13.01.2021 | 07:40 Uhr

Europe faces a more daunting task to rebound from the collapse in GDP during 2020. While the US is expected to return to its pre-pandemic level of GDP by the end of 2021, a full recovery is not forecast for the eurozone until the end of 2022. Europe’s labour markets have so far suffered far less from the lockdowns than those in the US thanks to more generous unemployment benefits, lengthier furlough schemes and extended bans on firings. The EU unemployment rate has risen to just 7.5% from a pre-pandemic low of 6.5%, while the US rate had reached 14.7% already in April, but has since dropped below 7%.

This resilience comes at the cost of flexibility, however. It is not simply a matter of tiding workers over till a vaccine is widely available, the pandemic has passed and everyone returns to their old ways. Many industries will need fewer workers (hospitality, retail), while others will need more (technology, warehousing). The comparatively low rankings of some of the larger European countries in the World Bank’s Ease of Doing Business survey (Spain 30, France 32 and Italy 58) reflects this inflexibility.

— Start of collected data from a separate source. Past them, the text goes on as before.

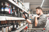 Collage of smiling man pointing at wine bottle near girlfriend and shopping cart in supermarket, banner
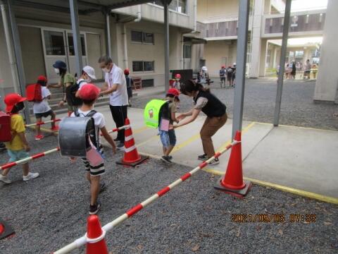 早くから登校したボランティア先生方が、毎日、確実に、事前チェックを行います。
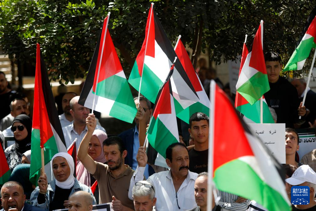 ??9月23日,在約旦河西岸城市希伯倫,民眾揮舞巴勒斯坦旗幟參加慶?;顒印P氯A社發(fā)(馬蒙·沃茲沃茲攝)

Many eurozone governments have responded to the economic damage from the lockdowns with massive fiscal aid, either direct from the state or through the new Next Generation EU programme. Debt-to-GDP levels have consequently soared, increasing for many countries by more than they did in the years following the Global Financial Crisis (see Exhibit 3).

Exhibit-3-change-in-debt-to-GDP-ratio-1024x621


In the short term, the resulting fall in creditworthiness should not lead to higher interest rates or drag on growth since the ECB is buying the bulk of the debt. Interest expense is low (at just 3.6% of GDP for the EU in 2019), again thanks to the ECB. Part of the debt is even ‘interest free’ since the interest that governments do pay on debt purchased by the ECB via the respective national central banks is paid back to the country’s Treasury.

The risk in the medium to long term is that interest rates rise or the ECB begins to run down its balance sheet, but for now governments are able to borrow enough to cushion the blow of the lockdowns, but not necessarily enough to restore growth to pre-pandemic levels quickly.

Another reason for the slower recovery in the eurozone is the limited scope for the ECB to ‘do more’ in a way that has a meaningful impact on growth or inflation. In 2021, the central bank is expected to adopt a new inflation target closer to the US Federal Reserve’s symmetric 2% target, recalibrate its quantitative easing programmes, adjust its longer-term refinancing operations to possibly allow banks to borrow more at an even cheaper rate for longer, and perhaps make a small cut in the deposit rate.

While such moves should be helpful, we note that interest rates are already near historic lows in many markets, banks are reluctant to lend and businesses are loath to borrow. It is only once a vaccine is widely available and governments lift restrictions that the region’s economies can hope to return to trend-rates of growth.